This was EXACTLY my first thought!


----------



## PointyHaired Calvinist (Feb 21, 2012)

I say there are plenty of Presbyterian denominational names they can substitute "Baptist" for - think about it - BCUSA, BCUS, BCA, OBC, EBC, RBCNA (ok maybe not...) My wife pointed out the only problem is that they'll sound congested when they say their acronym...


----------



## bookslover (Feb 21, 2012)

If the denomination wants to change it's name, what's wrong with "Ralph?"


----------



## Backwoods Presbyterian (Feb 21, 2012)

Ralph already founded a denomination... Ralph Erskine.


----------



## DMcFadden (Feb 21, 2012)

GulfCoast Presbyterian said:


> Rich Koster said:
> 
> 
> > I hope they don't go for Sou, to keep in step with Cru.
> ...





When the ABC of the Pacific Southwest judicatory withdrew from the American Baptists a few years ago, they went with "Transformation Ministries." I assume that "fighters not lovers," "where two or three or gathered, we have at least four opinions," or even "have hairspray will travel, can I have an 'amen'?" were already taken, so the SBC went with a trendier term: Great Commission Baptists. At least they did not go the whole way and capitulate to the fad de jour and call themselves "Missional Baptists."
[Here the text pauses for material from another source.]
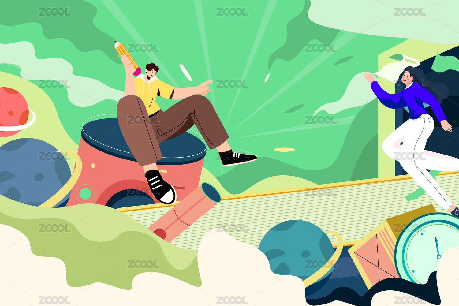 夏天人物清晨跑步运动健身健康减肥锻炼插画

Just think, they could have been the "Missional Movement of Post-this, that, and the other thing, Emergent, Coolniks."


----------



## au5t1n (Feb 21, 2012)

AThornquist said:


> It will be so good to be distinguished from the non-Great Commission baptists.



This will help to sort out Baptist soteriology:

Great Commission Baptists: Arminian
Great Commandment Baptists: Liberal
Great Expectations Baptists: Pelagian

What should the Reformed Baptists be called?


----------



## GulfCoast Presbyterian (Feb 22, 2012)

austinww said:


> What should the Reformed Baptists be called?



Orthodox.


----------



## Organgrinder (Feb 24, 2012)

This is so wonderful. Now I get to tell folks that I'm theologically Reformed but that I go to a Great Commission Baptist Church. They'll all think I changed denominations and I still sit in the same pew. They will also ask, I thought you wanted to join the OPC? 
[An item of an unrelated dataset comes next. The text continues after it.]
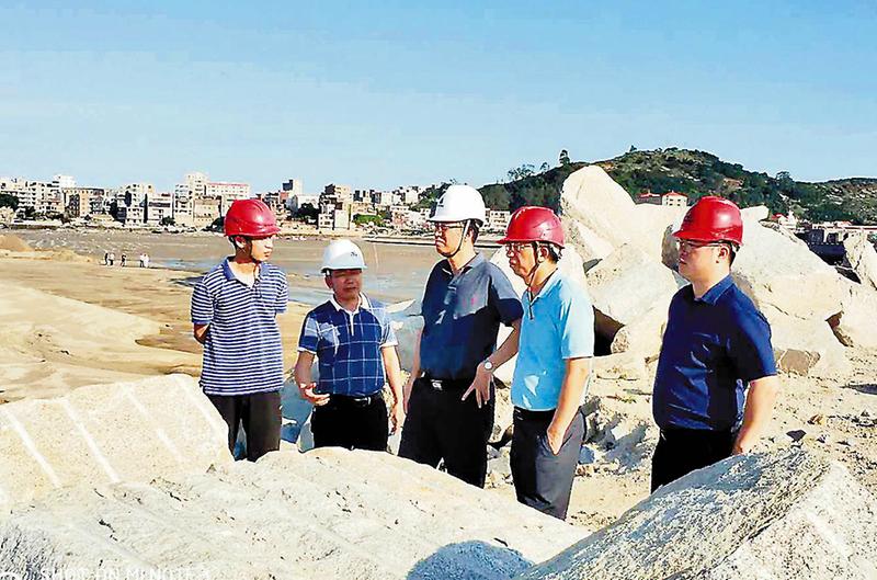 6月26日下午,省港航管理局林明標(biāo)副局長(zhǎng)(中)、湄洲灣港口管理局陳鴻朝副局長(zhǎng)(右二)等領(lǐng)導(dǎo)到肖厝作業(yè)區(qū)5#、6#泊位項(xiàng)目調(diào)研督查。(徐緯國(guó)攝)

Anybody remember Bold Mission Thrust from back in the 70s when everyone in the world was to hear the Gospel by 2000? Did it work? 

So does this mean that Southern Pacific Railroad and Southern Living magazine will change their names too? What will they call Southern Gospel music?


----------



## Edward (Feb 24, 2012)

Organgrinder said:


> So does this mean that Southern Pacific Railroad and Southern Living magazine will change their names too?



What Southern Pacific Railroad? They have Union Pacific on the trains now. And Southern Living is very much a regional publication (even the Texas version doesn't have some of the good stuff you get in the deep south). Southern Gospel is also regional, so a name change wouldn't be needed there, unless the genre wanted to expand into the Seattle coffee houses.


----------



## DMcFadden (Feb 24, 2012)

*What will they call Southern Gospel music?*

Heavenly Hillbilly?
Country Christian?
Toothless Trinitarian?
Bluegrass Backslider?
Big Hair Harmonies?
Charismatic Carols?
Baptist Bluegrass?
Holiness Harmonies Homecoming?
Sweaty Spirituals?


----------



## JP Wallace (Feb 24, 2012)

austinww said:


> What should the Reformed Baptists be called?



There's already a name for them in the SBC...hypercalvinist


----------



## he beholds (Feb 24, 2012)

I think that's fine. I'd have no problem with the PCA not using "in America" in our name. It's not like the Southern part of the name is the part that is Christian--sorry to burst your bubble my southern friends. In giving an optional alternate name, they are saying that they are more than Southern, not less than Christian.


----------